[Stored records]
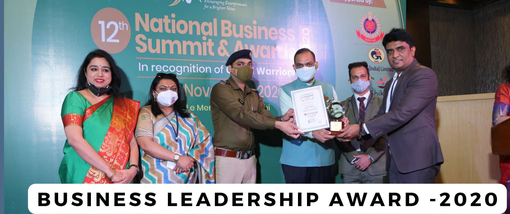
BUSINESS LEADERSHIP AWARD -2020
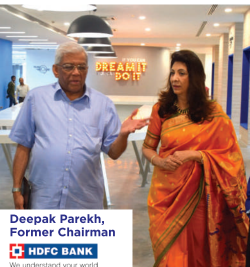
Deepak Parekh, Former Chairman HDFC BANK We understand your world

With a focus on providing our students with an exceptional educational experience that goes beyond textbooks and theories. That's why we bring industry professionals right into the classroom.
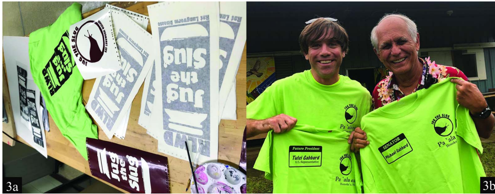
Fig. 3. (a) High school graphic arts students create RLWD prevention stickers and T-shirts with their 'Jug the Slug' logo. (b) High school graphics art teacher and PDE3 course participant presents Hawaii Senator Mike Gabbard with a t-shirt created by students.

data collection and ArcGIS story mapping. Hands-on activities, demonstrations, observations, collaborations and discussions similar to those described for the PDE3 course were conducted in a more condensed format.
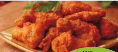
WE USE high quality INGREDIENTS
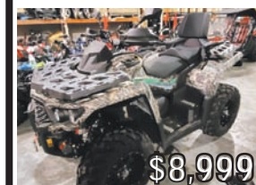
NEW 2022 BENNCHE Path Cross 650i ATV

16 FT TANDEM TRAILER, excellent condition. $2000. 615-491-7702 tfn
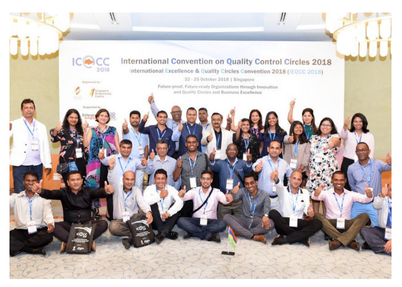
The Mauritian Team awarded for the ICQCC 2018 in Singapore
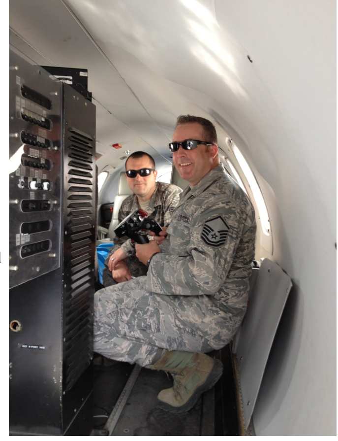
Members of the 242nd Combat Communications Squadron at work during Exercise Northern Strike 15 in July 2015
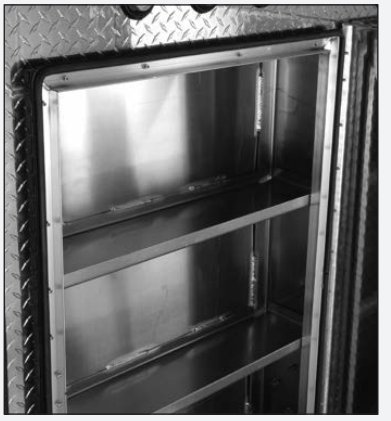
Center compartment with 2 shelves
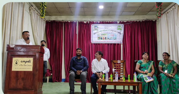
Awareness session on 'Waste segregation' in association with Bhubaneswar Municipal corporation at RI-VII, Bhubaneswar.
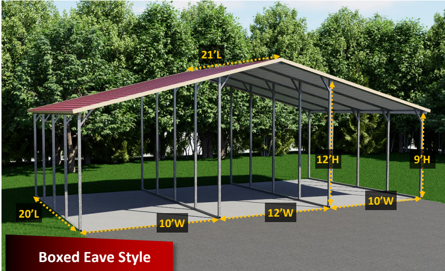
Boxed Eave Style
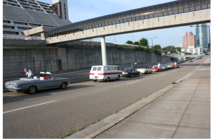
Lining up for the Economy Run across from the hotel.
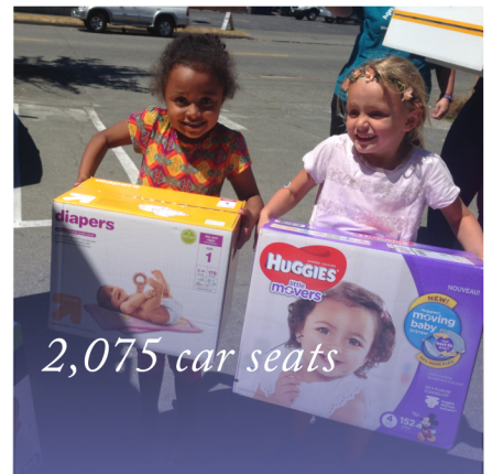
2,075 car seats
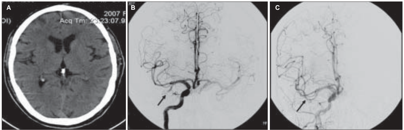
Figure 3 (A-C): Acute stroke. CT scan: Axial CT image (A) is normal. The catheter angiogram (B) shows occlusion of the inferior division of the right MCA (arrow), along with occlusion of the contralateral ICA. Repeat angiogram (C), after revascularization, shows that the occluded MCA branch has now recanalized (arrow)

which really at times is useless, we lose valuable time within the therapeutic window.
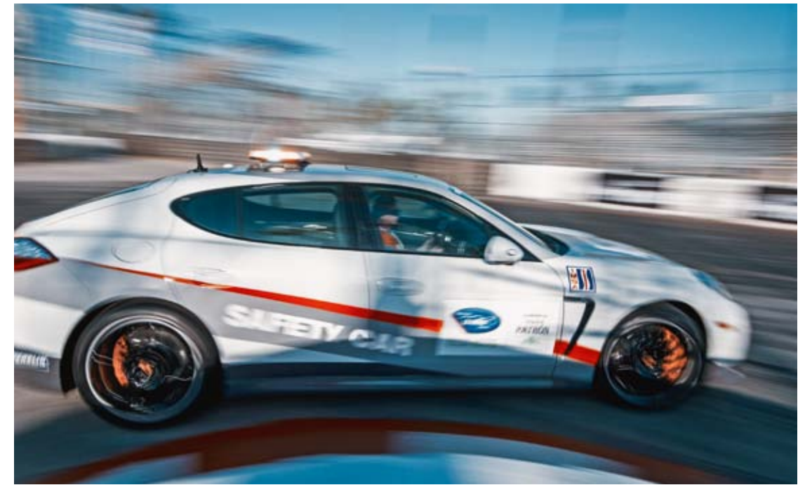
The Panamera safety car is an unmodified standard-production GTS

vehicle to lead the field because the laps driven under a yellow flag are not exactly slow. If the pace is not rapid enough, the race cars' engines will overheat and their tires will cool.
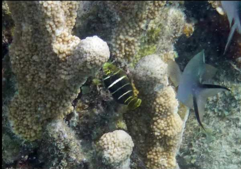
Hemigymnus fasciatus Streifenbanner-Lippfisch juvenile Barred thicklip wrasse or Blackedge wrasse Photos: Leyendecker 2016 Chumbe Island, Zanzibar
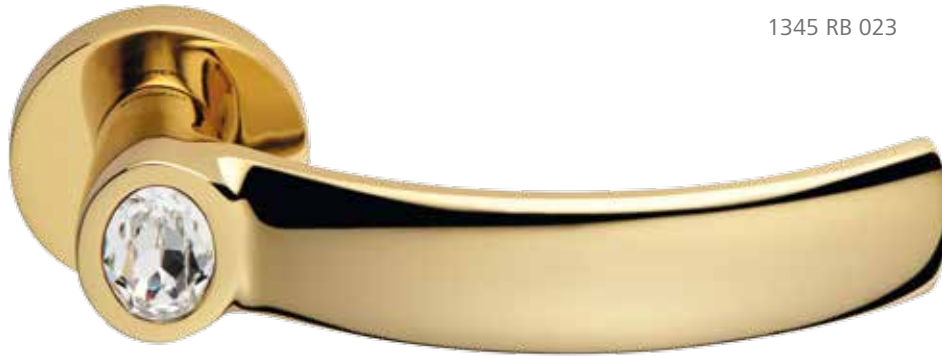
1345 RB 023
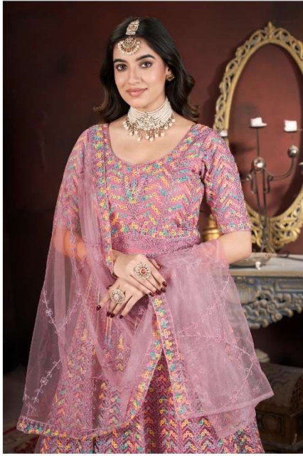
Rare, Eloquent and Alluring, a rich heritage of Indian craftsmanship and tradition unfolds in the new form of lehenga.
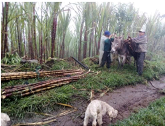
Gathering sugar cane in the mountains of Ecuador - CADO farmers

CADO supports local farmers in a very remote part of the Andes. Our grant in 2020, along with funds from other SD Nationals, was to support them to build a radio communications network so they can carry out their work as a joint enterprise to use local products such as ethanol made from the sugar cane they grow. Previously they've managed to gain the interest of successful companies like The Body Shop and Dr Brunners. Unfortunately during 2021 they suffered a setback when the Ecuadorian government froze their bank account due to a tax charge on a shipment of cargo to be sent to North America. This caused a delay in them delivering their programme of work. They worked hard to resolve this situation.
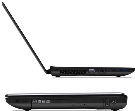
Lenovo IdeaPad Z380 (Graphite gray)
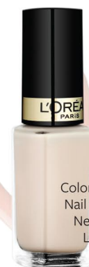
Color Riche Le Blanc Nail Polish in Peach Negligee, £4.99, L'Oréal Paris

"Scented candles are big in my household. I don't want to burn them because they're so pretty. This Le Labo candle [right] is unique as it smells both feminine and masculine."
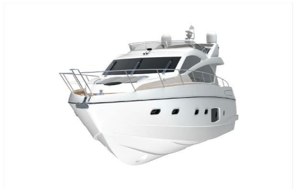
Manhattan 63 model
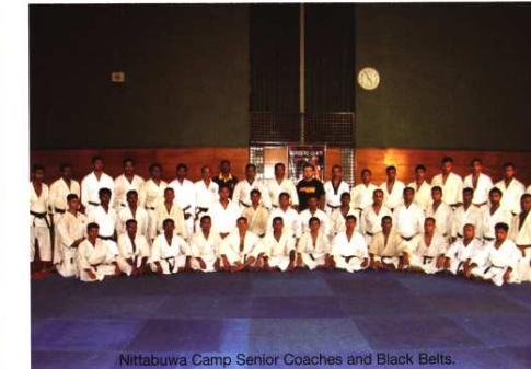
Nittabuwa Camp Senior Coaches and Black Belts.
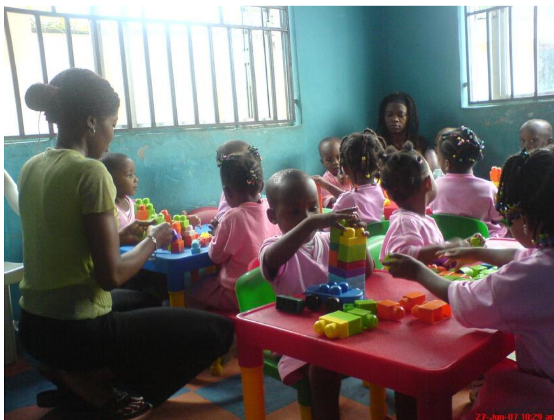
Fig.1: Utilisation of Instructional materials – manipulation of building blocks

Storing Materials - Materials should be stored where they are most frequently used, or where it is first used and located in logical place. Children can go and get things themselves to complete an assignment if they know where they are located. This is most important for common items like paper, crayon, scissors, and the like. Children will find it difficult selecting materials on crowded shelves. Sometimes it is unsafe. Materials should be displayed on low open shelves accessible to the children.
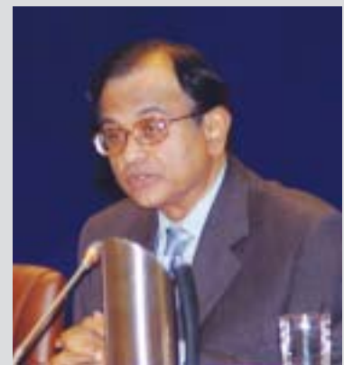
Union Finance Minister P. Chidambaram addressing the concluding session of the 39th Annual General Meeting of Board of Governors of Asian Development Bank in Hyderabad on May 4.

A recent World Investment Report has ranked India as the second-most attractive investment destination among transnational corporations. ■
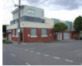
Keele St 58-60.JPG
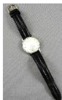
Lot # 465

464 Lady's 14K white gold Rolex wristwatch with 14K fox link bracelet. $600 - $800
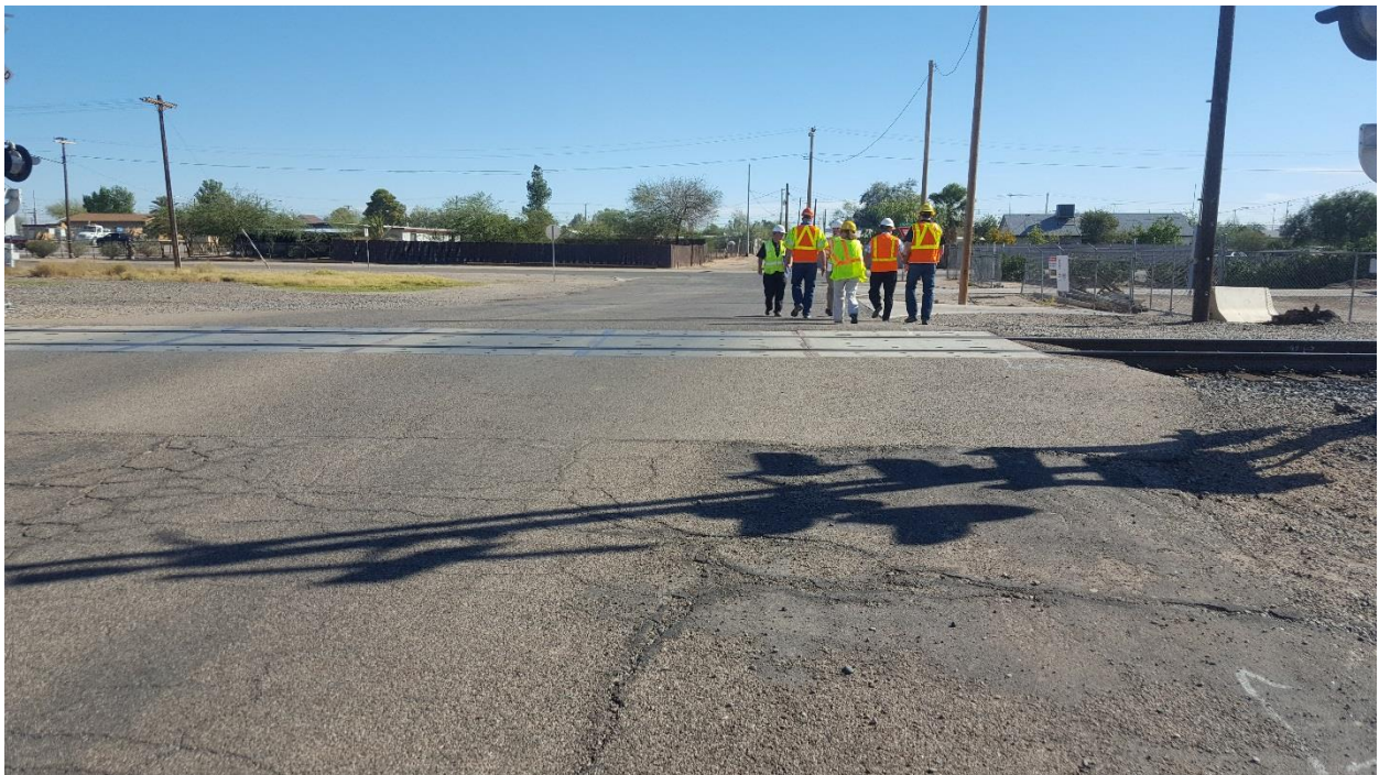
Central Ave looking east towards Pacific
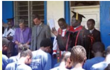
PRAYERS FOR STUDENTS at the UCU northern campus in Arua.
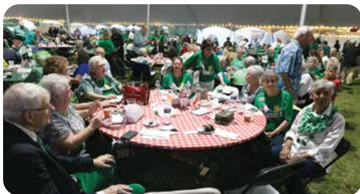
Patrons of the seminary gathered together for fun and fellowship during last year’s Joe-Paddy Celebration

If you would like more information about the St. Vincent de Paul Regional Seminary and its upcoming events, please visit www.svdp.edu .
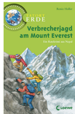
Global Mysteries – Hunting Criminals At the Foot of Mount Everest
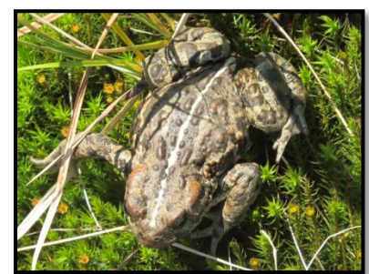
Boreal Toad at Twin Lakes, 2014
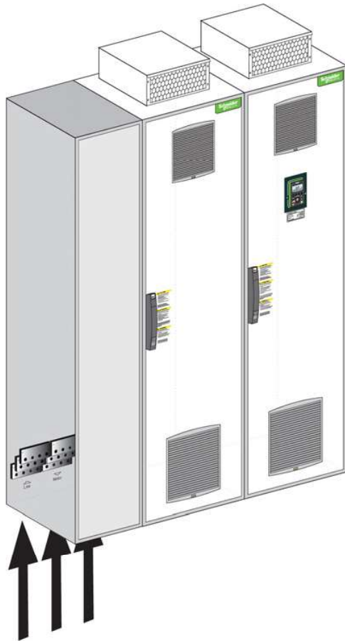
Additional enclosure allowing cabling from the bottom
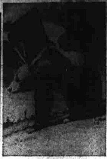
GRIZZLY BEAR
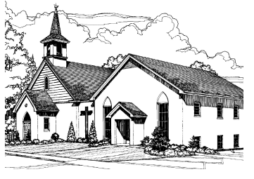
Salem United Methodist Church — Wolfsville
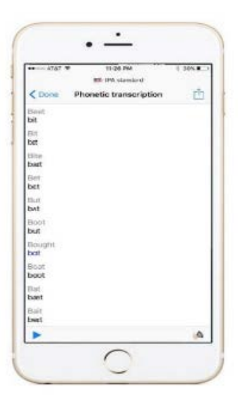
Figure 5. ToPhonetics app output: minimal pairs.

Once options are set, the user can enter text on the home page. An example of output is shown in Figure 5. In addition to the initial output presented on the screen, the user can double click any word to get the dictionary definition from the Oxford American Dictionary; the definition page also has an option to do an automatic Google search. In the case of words that are in blue, such as "bought" in Figure 5 above, double clicking will give both pronunciations; for /bought/, these are [bat] and [bɔt]. The file symbol at the top right corner gives various standard options for sharing and saving the output.
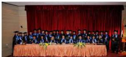
SHARJAH KHALIFA MEDICAL CITY Hosted by Sharjah Medical City International Interprofessional Wound Care Course (IIWCC) in Collaboration with University of Toronto Continuing Professional Development March 10, 2023

For Payment check the details on Registration Form
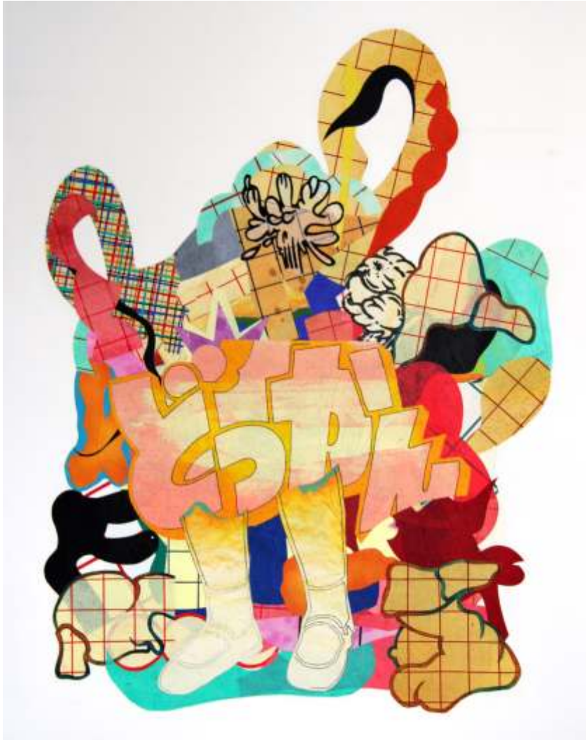
Collage Bag #3 collage on paper, 24 x 20 in 2006
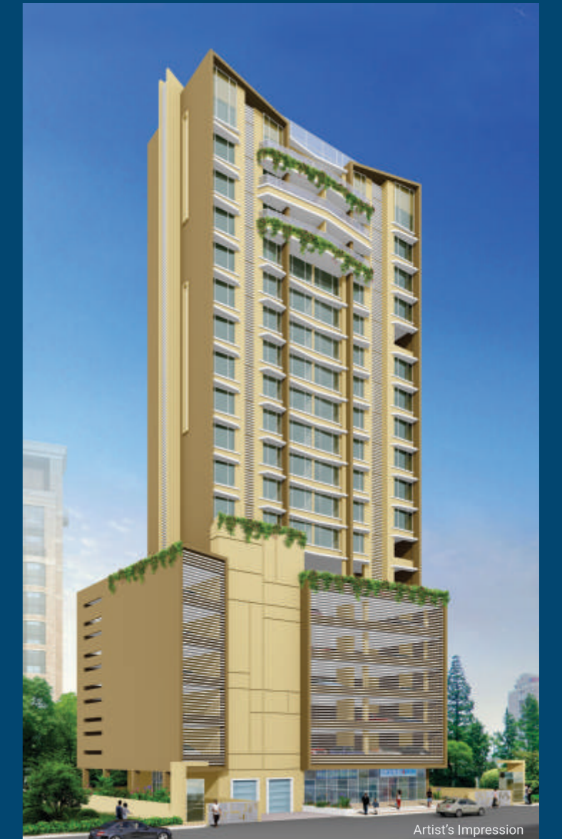
HELICON HEIGHTS - Link Road, Borivali West
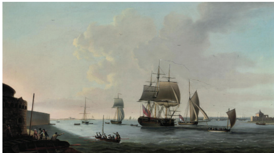
An English frigate running into Portsmouth harbour, with Fort Blockhouse off her port quarter, unknown date Dominic Serres
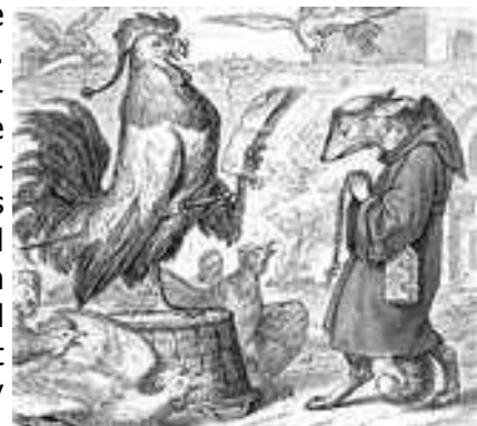
Prey Judging Predator

But family can be something else too. The so-called black sheep takes on a different hue when it's our own black sheep. "No matter whose ox is gored" may be a noble banner for truth and impartial justice but it doesn't seem so incontrovertible when the ox in danger is my own. In this matter the association called the Mafia sets a strong headline. It's not for nothing that in one of its stronger manifestations it styled itself La Famiglia , the family. The paramount value there is mutual support and cohesion. As against La Famiglia outsiders have no rights and can expect no concessions. General or universal rules about rights and justice make no impression when the welfare of the Family, even in small matters, is at stake. No outside claimant can expect any help from a family member when another family member is the respondent. Omerta is a law, not of God, King or Parliament but, in a certain milieu, maybe of life and death. And indeed news media headlines and court reports in our own country suggest that family ties play no small part in that flourishing branch of our economy called organised crime.
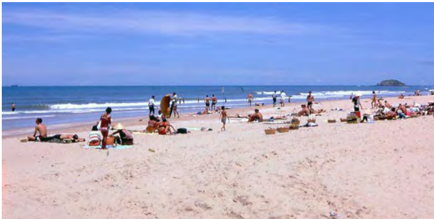
Vung Tau VT , R&R at the Beach. MSgt Summerfield: 17 and 18.
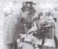
MACHINING NC I & NC II
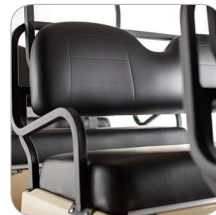
Easy-to-Clean, Durable, Marine-Grade Vinyl Seats
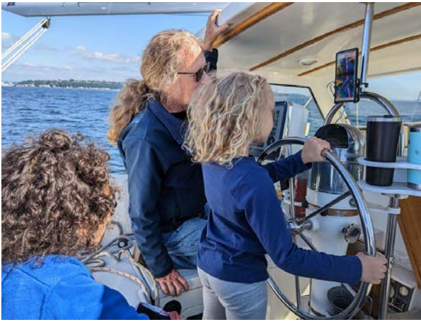
My crew to Seattle – both women and two of the kids sailed.

Coincidentally, I had a couple of women who own a boat on my dock and their 3 kids that wanted to go for a sail. I didn't actually tell them how far we were sailing.... But the wind was nice, and we sailed over to Seattle and got to the cruise terminal in time to watch the cruise ship depart. I wanted to get close enough to get the ship to blow her horn at me, but I couldn't quite get there. However, a J/130 passed me and was able to get the horn to blow. Evidently, they had friends on that ship as well, as we both sailed along side of the cruise ship for a while waving and such.
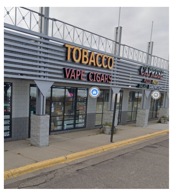
Looking east from front parking lot off 12^{th} St. W
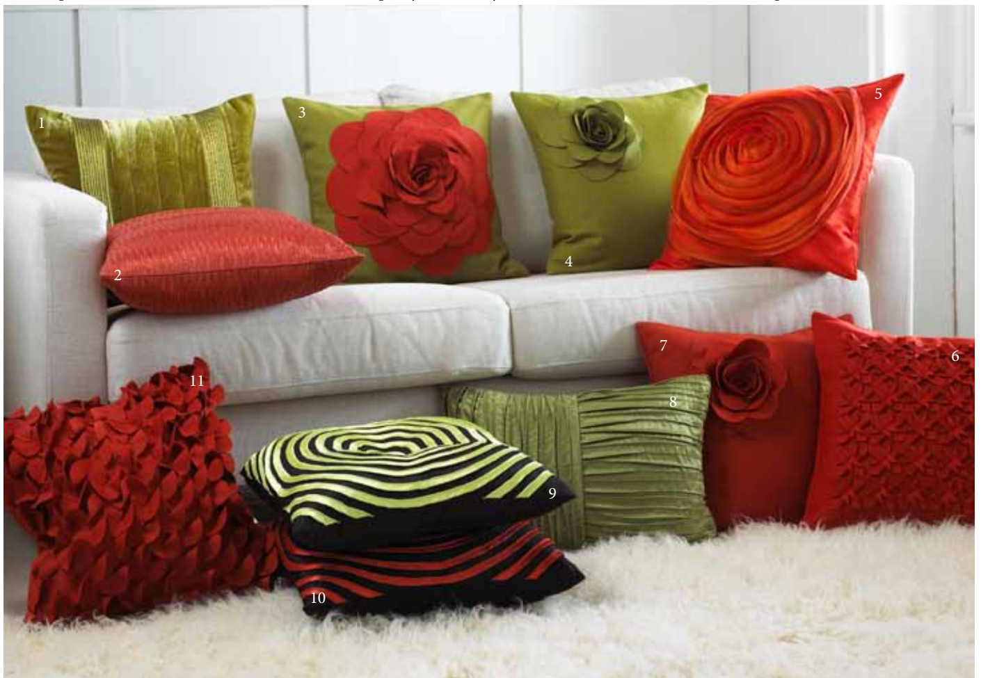
Lime/Paprika Collection - 1: Stateside; 2: Nevada; 3: Rhapsody; 4 & 7: Lilly; 5: Vortex; 6: Yacca; 8: Mancini; 9 & 10: Spiral; 11: Amalfi
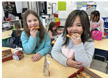
Fun Lunch - Boston Pizza
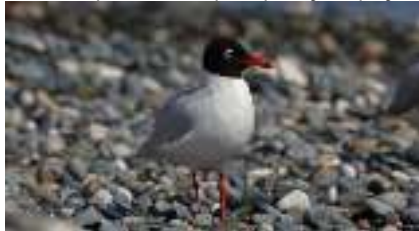
Mediterranean Gull, Lady's Mile, 13 th February.

(Directions for this task)
Reproduce exactly the lines above starting at the line containing "Members of the" and ending at the line containing "2,075 car seats", including both, but not the pictures.

(Written response)
Members of the 242nd Combat Communications Squadron at work during Exercise Northern Strike 15 in July 2015
Center compartment with 2 shelves
Awareness session on 'Waste segregation' in association with Bhubaneswar Municipal corporation at RI-VII, Bhubaneswar.
Boxed Eave Style
Lining up for the Economy Run across from the hotel.
2,075 car seats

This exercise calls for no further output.